Reflexión Dominical: Domingo III de Adviento (Domingo "Gaudete")

Por Antonio Jesús Hernández Alba

Lectura del Santo Evangelio según San Juan (1,6-8.19-28):

Surgió un hombre enviado por Dios, que se llamaba Juan: éste venía como testigo, para dar testimonio de la luz, para que por él todos vinieran a la fe. No era él la luz, sino testigo de la luz.
Y éste fue el testimonio de Juan, cuando los judíos enviaron desde Jerusalén sacerdotes y levitas a Juan, a que le preguntaran: «¿Tú quién eres?»
Él confesó sin reservas: «Yo no soy el Mesías.»
Le preguntaron: «¿Entonces, qué? ¿Eres tú Elías?»
El dijo: «No lo soy.»
«¿Eres tú el Profeta?»
Respondió: «No.»
Y le dijeron: «¿Quién eres? Para que podamos dar una respuesta a los que nos han enviado, ¿qué dices de ti mismo?»
Él contestó: «Yo soy la voz que grita en el desierto: "Allanad el camino del Señor", como dijo el profeta Isaías.»
Entre los enviados había fariseos y le preguntaron: «Entonces, ¿por qué bautizas, si tú no eres el Mesías, ni Elías, ni el Profeta?»
Juan les respondió: «Yo bautizo con agua; en medio de vosotros hay uno que no conocéis, el que viene detrás de mí, y al que no soy digno de desatar la correa de la sandalia.»
Esto pasaba en Betania, en la otra orilla del Jordán, donde estaba Juan bautizando.

Palabra del Señor

Alegraos, Hermanos, porque está cerca el Señor. La Navidad, el tiempo de gozo por el nacimiento del Salvador está ya muy cerca. Por eso hoy, en el ecuador del tiempo de Adviento, celebramos el llamado "Domingo Gaudete" Domingo de la Alegría. Toda la liturgia lo proclama ya, el tiempo de espera va tocando a su fin, por eso la Iglesia nos invita a alegrarnos y a prepararnos para este gran acontecimiento, un acontecimiento tan señalado que incluso se utiliza para medir el paso del tiempo.

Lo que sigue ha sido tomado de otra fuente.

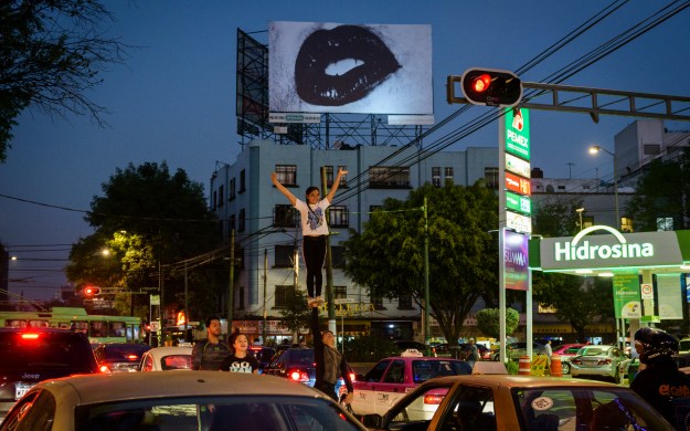 Now imagine you’re the aforementioned maid, working for a family living nearby in the affluent Condesa or Roma neighbourhoods. Your Catholicism is a integral part of your life, you go to church every Sunday and each night you say a prayer for your family. With your husband you’ve raised three boys and the first is about to begin university. Each day you walk that yappy dog around the park and pause to take a couple moments for yourself. One day, raised four stories above the street, a giant pair of full bodied lips are suggestively parted, positioned against the sky. Though the image is black and white, it’s clear that they’re painted with thick red lipstick; a set of perfectly white teeth glistens. Billboards regularly use sexualised imagery to sell; the pressure to be attractive is omnipresent. Yet these lips aren’t couched in the usual capitalistic codes. These lips are purely erotic, a bold proclamation of the sexuality of youth and the city. It affronts, yet calls back to a time twenty years ago when you had the power to stop traffic.
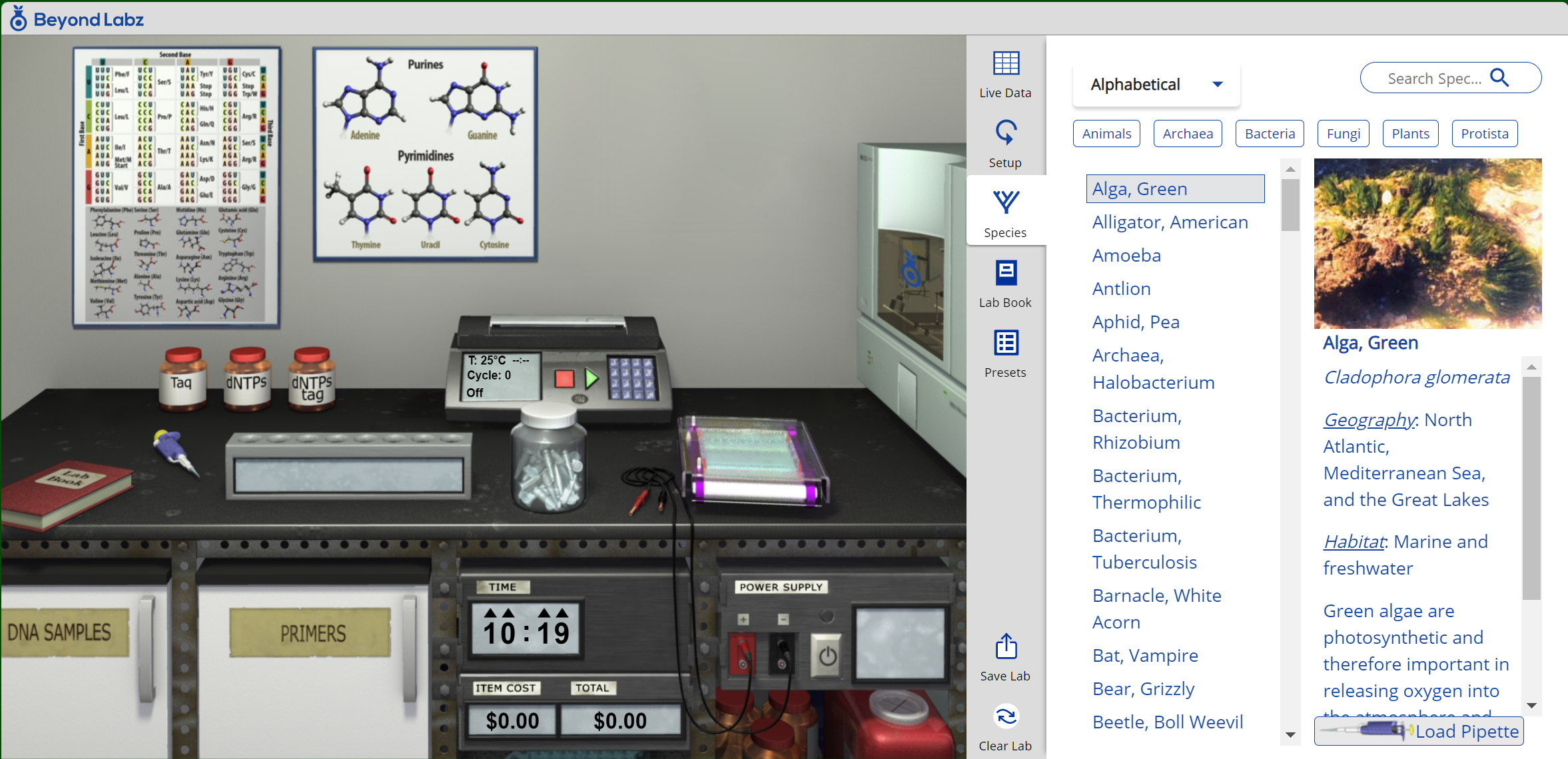 To use the laboratory, students can select up to eight microcentrifuge tubes and place them in a tube holder. Students can then select species using the species selector and for each selected species add a small DNA sample to any of the tubes in the tube holder using the micropipet. In addition to the DNA samples, students can also add Taq polymerase (Taq), nucleotides (dNTPs) or fluorescently tagged nucleotides (dNTPs tag), and selected primers to the tubes in preparation for amplification of a selected gene or segment by (PCR). Once the tubes have been prepared they can be moved to the PCR machine where the appropriate denaturation, primer annealing, and elongation temperature and dwell times can be configured for a PCR experiment. After the PCR run, samples of the amplified products can be placed in a well on an electrophoresis gel bed and a voltage applied to separate the products into bands to determine the approximate mass of the products. Once a successful amplification of the selected gene has been confirmed, then each amplified product can be placed in the automatic sequencer and the amplified gene sequence determined. Measured gene sequences can be saved to the lab book for further analysis and comparison with other sequences.

El Evangelio hoy nos muestra a Juan, el Bautista, primo del Señor y su último precursor. Juan, desde su nacimiento, estaba llamado a preparar el camino al Señor, a predicar con palabra y ejemplo al pueblo de Israel cómo obrar, cómo purificarse, cómo prepararse para recibir entre ellos a la Salvación del Mundo. El pueblo de Israel estaba perdido, alejado de los preceptos del Altísimo, olvidando su palabra y sólo cumpliendo con sus obligaciones religiosas por pura tradición y costumbre. Por eso Juan bautizaba y predicaba. Era necesario que viniera Juan antes que Cristo, para prepararle el camino a los corazones de los israelitas, para que el mensaje de Amor y de Conversión que habría de traer Jesús tuviera en sus mentes y en sus almas una tierra fertil donde arraigar. Pero este mensaje siempre es polémico y los que mandan nunca lo aceptan de buen grado. Los fariseos, los dirigentes religiosos de los judios, le preguntan a Juan por su autoridad para enseñar, porque sólo aceptarán la enseñanza de alguien a quien consideren superior a ellos. Juan, en cambio, se muestra como es: humilde, pequeño, tan sólo un instrumento en manos de Dios.

Escuchemos hoy la Palabra del Señor y hagamos examen de conciencia. ¿Somos como el pueblo de Israel en aquellos días? ¿Vamos a la Iglesia por pura costumbre o  vamos con el alma alegre y preparada para encontrarse con nuestro Hermano y Señor, con aquel que nos ha amado hasta el extremo? ¿Somos soberbios como los fariseos, o nos plegaremos y aceptaremos de buen grado las enseñanzas que el Padre nos da por boca de Juan y de su Divino Hijo? En estos días previos a la Navidad, preparemos nuestros corazones, allanemos la senda que ha de recorrer el Hijo de Dios para que entre en nosotros y nos llene con su Alegría y con su Luz.